Kasikorn Research Center (K-Research) has revised its total loan growth forecast for the banking sector in 2024, lowering it to 1.5% from a previous estimate of 2.5-3.5%.
This adjustment is mainly due to borrowers’ diminished capacity to secure credit, which correlates with slower economic growth.
In its updated report released on Tuesday, K-Research predicts that banks’ lending growth this year will be primarily driven by business loans, which are now anticipated to grow by 1.5%, up from the earlier forecast of 0.9-1.7%. Conversely, consumer loans are expected to experience minimal growth, rising only by 0.3%, down from a previous projection of 3-3.7%.
Auto hire-purchase loans are expected to decline by 5.5% this year, a notable reduction from the earlier forecast of 1-2% growth.
However, other consumer loan products, such as mortgages, credit cards, and personal loans, are projected to see growth rates of 1.2%, 2.2%, and 3%, respectively, according to the research firm.
Kanjana Chockpisansin, head of banking and financial sector research at K-Research, noted that Thai banks have recorded weak loan growth this year, reflecting the sluggish economy and high levels of household debt in the country.
The downgrade is largely due to a slowdown in retail loan growth, which constitutes 36.8% of the industry’s total outstanding loans. This decline is primarily driven by auto loans, which are set to shrink for the second consecutive year, she added.
Demand for auto loans during the first half of this year fell short of expectations, and this trend is anticipated to persist in the latter half. A price war in the automotive sector, particularly among Chinese battery electric vehicle (EV) brands, has led consumers to delay purchasing decisions as they wait for reduced EV prices.
“Weaker debt repayment abilities within the household sector are another critical factor contributing to the drop in consumer loan growth this year.
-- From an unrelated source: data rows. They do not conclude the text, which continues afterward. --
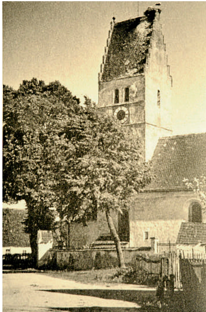
Die Niederstimmer Kirche blickt auf eine 700-jährige Geschichte zurück.

Gezwungenermaßen mussten alle Untertanen diesem Glaubensslalom folgen und so verwundert es nicht, dass 1619 erneut alle Einwohner zu Niederstimm vorgeladen wurden, um eine Erklärung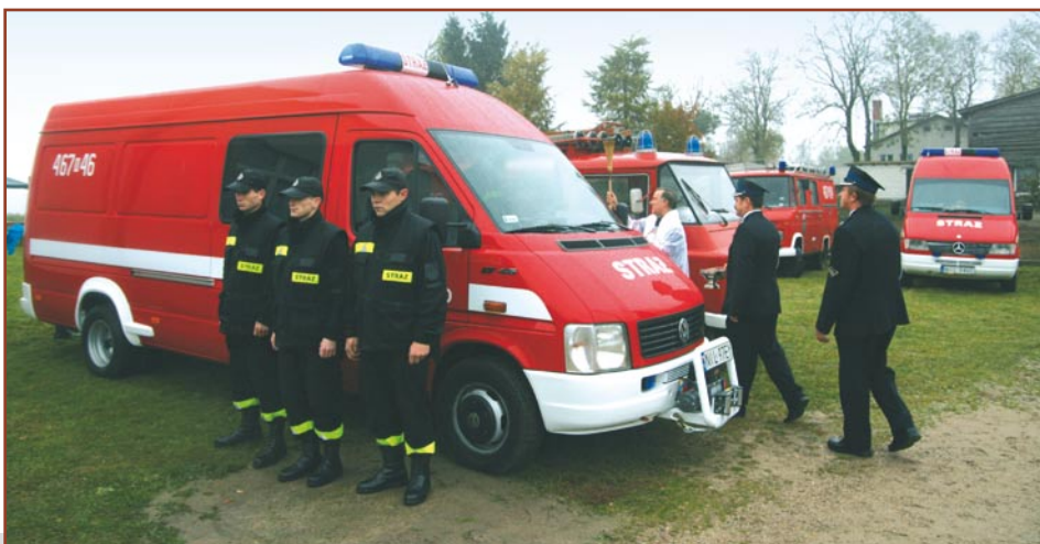
Nowy pojazd m.in. trafił do jednostki OSP Byszwałd

Natomiast w nowe pojazdy wyposażono jednostki: OSP Prątnica, OSP Rożental, OSP Byszwałd; podpisano także umowę z marszałkiem województwa warmińsko-mazurskiego na dofinansowanie samochodu pożarniczego dla jednostki OSP w Rożentalu (średni samochód ratowniczo-gaśniczy z funkcją ograniczania stref skażeń chemicznych). Dofinansowanie wyniesie 560 tys. zł.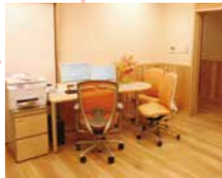
いやしの杜クリニック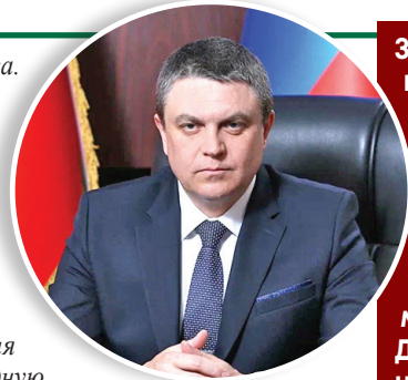
Глава Луганской Народной Республики Леонид ПАСЕЧНИК

Это было тяжелое сражение, победа в котором далась ценой жизней многих наших ребят. Почти все они не были профессиональными военными, но стояли намертво – за свою землю, родные дома, дорогих им людей. Именно мужество и самоотверженность наших земляков стали решающим фактором той очень важной для нас победы. Весь мир тогда понял: мы никогда не отдадим врагу свой Донбасс, нашу родную русскую землю.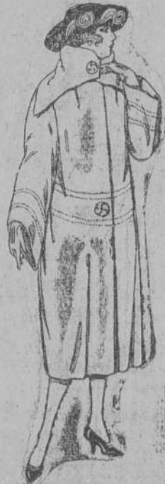
Abrigos de terciopelo de lana, ratina, etc., en negro, azul y color, adornos pespunte de seda, de ptas. 110 a 200.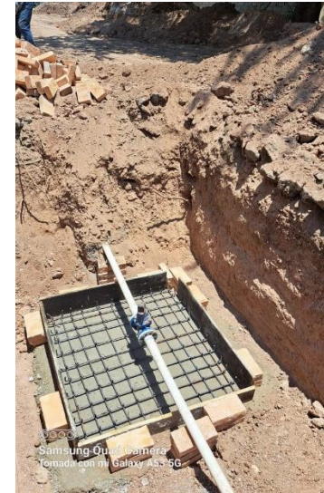
Supervisión de la obra “Construcción de empedrado ahogado en calle Corregidora [...] en la localidad de Cuastecomate, municipio de San Pedro Lagunillas”.

Buyers of internal combustion engine vehicles and individuals considering properties priced between 3-5 million baht are facing higher loan rejection rates,” Ms. Kanjana explained.
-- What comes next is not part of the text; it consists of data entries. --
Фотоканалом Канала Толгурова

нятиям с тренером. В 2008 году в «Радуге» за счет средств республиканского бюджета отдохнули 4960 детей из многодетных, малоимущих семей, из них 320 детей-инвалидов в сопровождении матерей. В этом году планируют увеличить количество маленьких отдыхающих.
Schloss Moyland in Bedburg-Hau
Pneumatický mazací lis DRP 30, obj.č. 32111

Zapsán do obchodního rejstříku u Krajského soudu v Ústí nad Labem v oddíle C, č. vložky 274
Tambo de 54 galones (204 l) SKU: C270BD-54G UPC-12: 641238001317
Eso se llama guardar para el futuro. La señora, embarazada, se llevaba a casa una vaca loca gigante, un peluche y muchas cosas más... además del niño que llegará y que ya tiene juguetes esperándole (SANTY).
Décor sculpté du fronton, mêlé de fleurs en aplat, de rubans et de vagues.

Thailand’s escalating household debt is expected to further limit consumer access to loans, especially for major purchases like vehicles and homes. K-Research forecasts that the household debt-to-GDP ratio will slightly decrease to 90.7% this year from 91.4% last year, in light of anticipated GDP growth.
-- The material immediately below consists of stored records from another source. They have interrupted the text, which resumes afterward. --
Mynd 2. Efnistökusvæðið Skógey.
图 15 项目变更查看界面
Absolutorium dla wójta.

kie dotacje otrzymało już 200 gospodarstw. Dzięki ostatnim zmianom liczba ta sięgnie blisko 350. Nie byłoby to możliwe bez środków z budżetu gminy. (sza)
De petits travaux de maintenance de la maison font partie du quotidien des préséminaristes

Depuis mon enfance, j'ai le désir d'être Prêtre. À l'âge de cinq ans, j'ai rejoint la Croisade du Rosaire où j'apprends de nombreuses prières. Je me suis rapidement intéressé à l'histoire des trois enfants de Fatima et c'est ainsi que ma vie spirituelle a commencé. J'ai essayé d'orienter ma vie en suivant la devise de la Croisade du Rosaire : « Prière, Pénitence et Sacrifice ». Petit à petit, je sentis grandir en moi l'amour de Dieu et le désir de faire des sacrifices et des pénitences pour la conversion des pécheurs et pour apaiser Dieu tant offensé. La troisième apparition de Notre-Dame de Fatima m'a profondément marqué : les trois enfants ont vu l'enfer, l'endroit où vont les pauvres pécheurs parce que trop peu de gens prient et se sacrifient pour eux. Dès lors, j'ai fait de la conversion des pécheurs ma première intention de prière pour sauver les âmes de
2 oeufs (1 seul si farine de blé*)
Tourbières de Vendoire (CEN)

Ms. Kanjana stated that banks’ more stringent lending criteria, as a response to increased credit risk among both retail and business borrowers, will further restrict new loan approvals.
In the second quarter, total outstanding loans within the banking sector decreased by 0.2% year-on-year. Specifically, business loans fell by 1.3%, while consumer loans dropped by 0.03%. Meanwhile, government loans and business loans experienced higher repayment rates, according to K-Research.